At that time, the startup trigger signal Sw_tr having the high voltage level is additionally outputted to the base terminal of the digital transistor 45, resulting in the digital transistor 45 being switched from the off state to the on state. This on state of the digital transistor 45 enables the zero-voltage level of the monitor signal to be outputted from the digital transistor 45 to the SoC 30.

Additionally, the communication device 9 outputs updating information about the SoC 30 to the communication driver 20 through the communication line 55 in step S276 of the first reprogramming startup routine.

When starting up, the SoC 30 executes various programs including a startup program stored therein. Specifically, when executing the start-up program, the SoC 30 instructs the communication driver 20 to output the high-level voltage signal Sm to the first converter 41 through the first conductor wiring 61 in step S300 of the first reprogramming startup routine.

Specifically, as illustrated in FIG. 1, the SoC 30 outputs, to the communication driver 20 through the second conductor wiring 62, the first instruction signal that instructs the communication driver 20 to output the high-level voltage signal Sm.
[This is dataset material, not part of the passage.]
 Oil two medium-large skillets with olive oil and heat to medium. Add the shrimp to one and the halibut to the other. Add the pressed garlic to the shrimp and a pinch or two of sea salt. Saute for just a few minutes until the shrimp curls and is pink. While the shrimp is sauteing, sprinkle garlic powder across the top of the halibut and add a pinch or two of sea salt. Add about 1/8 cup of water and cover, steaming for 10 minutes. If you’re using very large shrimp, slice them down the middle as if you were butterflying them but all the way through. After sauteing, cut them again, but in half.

In response to receiving the first instruction signal, the communication driver 20 outputs the high-level voltage signal Sm to the first converter 41 through the first conductor wiring 61 and the third diode 83.
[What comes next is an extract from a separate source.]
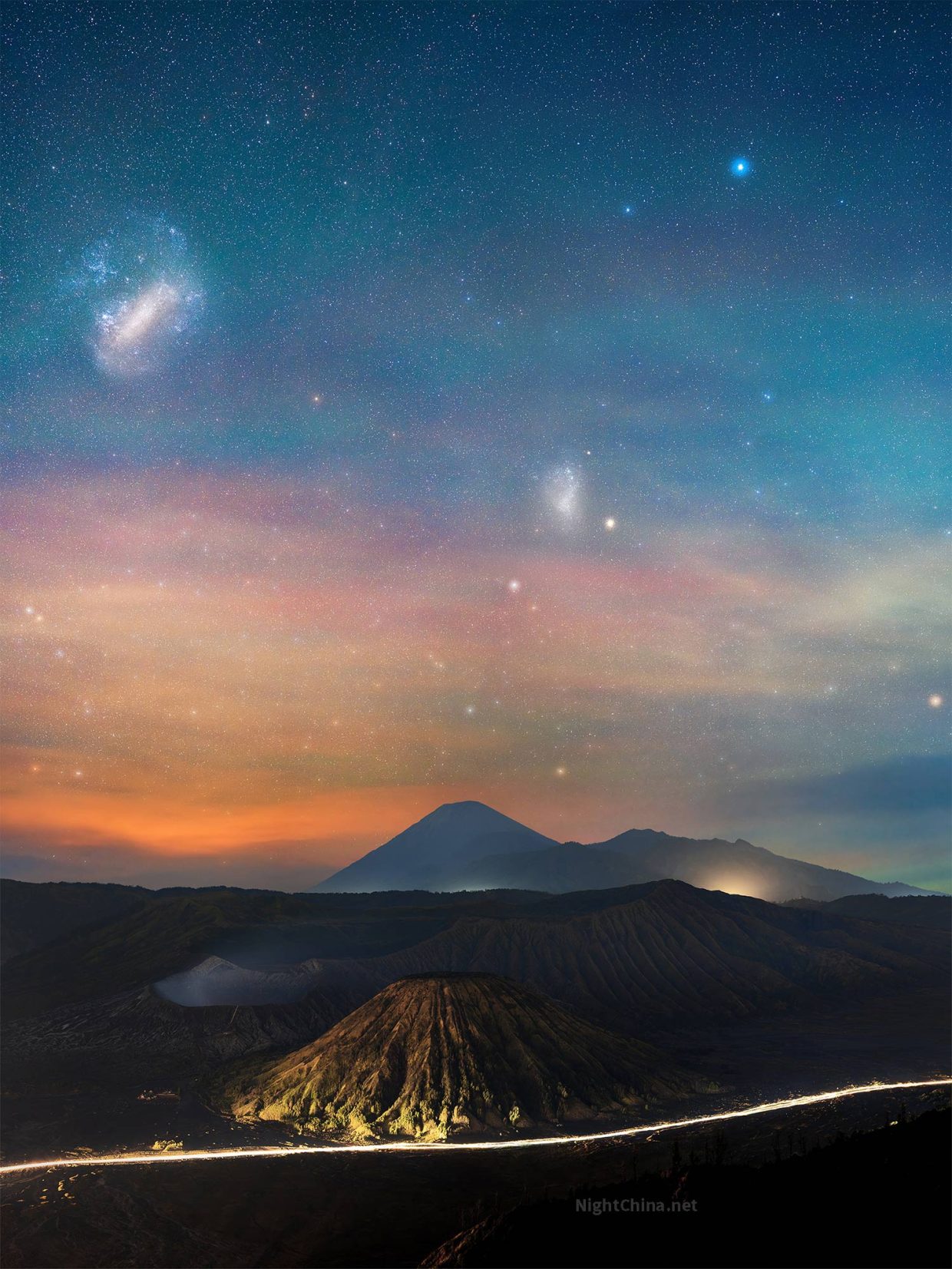 黎明前的黑暗中,沉睡的火山群吐纳着大地的气息,深处是躁动不安的脉搏。它们之上,南天星空静谧流淌,大小麦哲伦云如两颗晶莹的宇宙宝石,与漫天星辰一同,镶嵌在红绿色气辉交织的夜幕上。

Following the operation in step S300, the SoC 30 acquires the voltage signal Sm from the communication driver 20 through the first conductor wiring 61 in step S302.

Next, the SoC 30 determines whether the voltage signal Sm acquired in step S302 has the high level to accordingly determine whether, as described later, the SoC 30 is permitted to shut down the external ECU 7 in step S304.

In response to determination that the voltage signal Sm acquired in step S302 does not have the high level (NO in step S304), the SoC 30 determines that the SoC 30 is not permitted to shut down the external ECU 7. That is, change of the startup trigger signal Sw_tr from the high level to the low level results in no high-level voltage signal being supplied to the first converter 41, so that, if the external ECU 7 were shut down, the SoC 30 would be shut down. For this reason, the SoC 30 determines that the SoC 30 is not permitted to shut down the external ECU 7 in response to the negative determination in step S304. Then, the first reprogramming startup routine returns to step S300.

In contrast, in response to determination that the voltage signal Sm acquired in step S302 has the high level (YES in step S304), the SoC 30 determines that the SoC 30 is permitted to shut down the external ECU 7. That is, even if the startup trigger signal Sw_tr is changed from the high level to the low level, the supply of the high-level voltage signal Sm to the first converter 41 is maintained, so that, even if the external ECU 7 were shut down, the SoC 30 would continuously operate. For this reason, the SoC 30 determines that the SoC 30 is permitted to shut down the external ECU 7 in response to the affirmative determination in step S304.

Following the operation in step S304, the SoC 30 shuts down the external ECU 7 in step S306. Specifically, the SoC 30 outputs, to the external ECU 7 through a communication line CL, a third instruction signal that instructs the external ECU 7 to change the voltage level of the startup trigger signal Sw_tr from the high level to the low level, and thereafter to shut itself down. In response to receiving the third instruction signal, the external ECU 7 changes the voltage level of the startup trigger signal Sw_tr from the high level to the low level, and thereafter resulting in shutting itself down in step S307 of the first reprogramming startup routine.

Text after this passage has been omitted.